Acer data breach allowed hackers to access data of millions of customers

Multinational electronics company Acer has suffered a data breach in which hackers stole over 60GB of data. The data allegedly includes corporate and financial data, as well as the names and addresses of millions of customers. The data breach primarily affects Indian customers, since the breach originated from the post-sales service system in India. 

Desorden, the hacker group who attributed themselves to the breach, posted proof of the data breach on an online forum. Desorden wrote that the stolen files include “customer, corporate, accounts and financial data.” According to Desorden, the data stolen affects millions of customers. 

The hacker group released a video sample as evidence, showing files containing records of 10,000 customers and the credentials of over 3000 acer retailers. Desorden is reportedly now looking for buyers to sell the stolen information to. The group made reference to the REvil attack on Acer earlier this year, but did not make it clear whether they were looking for Acer to pay them or if they would sell the information regardless. 

"Upon detection, we immediately initiated our security protocols and conducted a full scan of our systems. We are notifying all potentially affected customers in India" an Acer spokesperson told BleepingComputer. The Indian Computer Emergency Response team has been alerted of the attack, as well as local law enforcement in India. The hackers revealed that they no longer had access to the server, stating “Acer is a global network of vulnerable systems. We no longer have access to their India servers.”  

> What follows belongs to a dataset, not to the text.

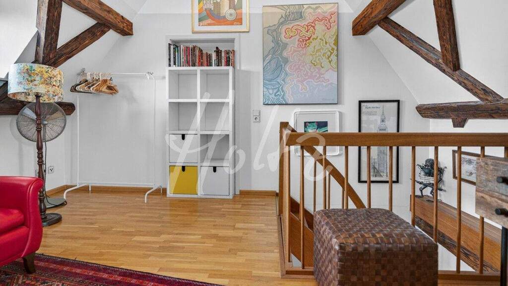 Hochwertige Holzdielen verleihen den Wohnräumen eine warme und natürliche Atmosphäre. Stilvolle architektonische Elemente wie sichtbare Holzbalken und charakteristische Details aus der Bauzeit betonen den historischen Charme und machen diese Maisonette zu einem besonderen Zuhause mit Persönlichkeit.
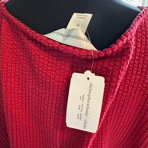 New with tags Christopher & Banks red textured top, size Medium. Super comfy with a boxy fit, square neckline, and adjustable hem tie—perfect for summer BBQs, 4th of July style, or adding a pop of red to any outfit.

Acer has contained the issue and is now contacting those affected by the breach. Even so, it sparks concern as this is the second time this year Acer has been targeted by a high-profile data breach. 

Second Acer Data Breach This Year 

In the forum post by Desorden, they reference another data breach that occurred earlier this year when Acer was targeted by an REvil ransomware attack. 

In March of this year, ransomware group REvil targeted Acer with their highest ransom at the time. REvil announced that they had breached Acer, and provided evidence showing private financial documents. REvil set the ransom at $50 million, the highest ransom that had ever been seen at that point. REvil also offered Acer a discounted ransom of $42 million if they paid up by a certain deadline. 

The REvil group allegedly exploited vulnerabilities in Microsoft Exchange to steal Acer’s private data. It is not known whether Acer ended up paying the ransom to REvil, however it is believed that they did not. This is perhaps why the Desorden group have gone straight to attempting to sell the data in underground markets.